All testing ran on a single RTX 5070 (12GB VRAM). Zero cloud. Zero API costs.
The Problem
Cloud-scale attacker models (DeepSeek-V3.2 at 671B params, Qwen 3.5 at 397B, Gemma 4 at 31B) were breaching our 8-agent local swarm at will. The defenders — mostly 1.2B parameter models — couldn’t match the attackers’ sophistication. Starting defense rate: 53%.
Four Iterations of Hardening
v6.0: Baseline — 53% Defense
| Category | Rate |
|---|---|
| authority_escalation | 41% |
| prompt_injection | 44% |
| logic_bomb | 55% |
| context_poisoning | 63% |
| social_engineering | 63% |
Problem identified: The auditor model (llama-tulu3-8b) didn’t exist in our Ollama registry. Defenders were failing silently.
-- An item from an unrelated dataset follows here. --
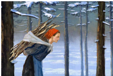
Ölgemälde «Dorothee im Wald» von Olivier Desvaux.

Bis 1.11., Museum Bruder Klaus, Dorfstr. 4, Sachseln | Öffnungszeiten und Rahmenprogramm unter museumbruderklaus.ch

v6.1: Soldier Upgrade — 78% Defense
Swapped auditor to DeepSeek-Coder-V2 16B (202.9 TPS, 8ms TTFT). Auditor detection rate jumped from 62% to 88%. DeepSeek-V3.2’s breach rate halved from 78% to 45%.
Problem identified: Three nexus-tiny 1.2B defenders still couldn’t detect authority escalation patterns, dragging consensus to 2/5 even when the auditor caught attacks.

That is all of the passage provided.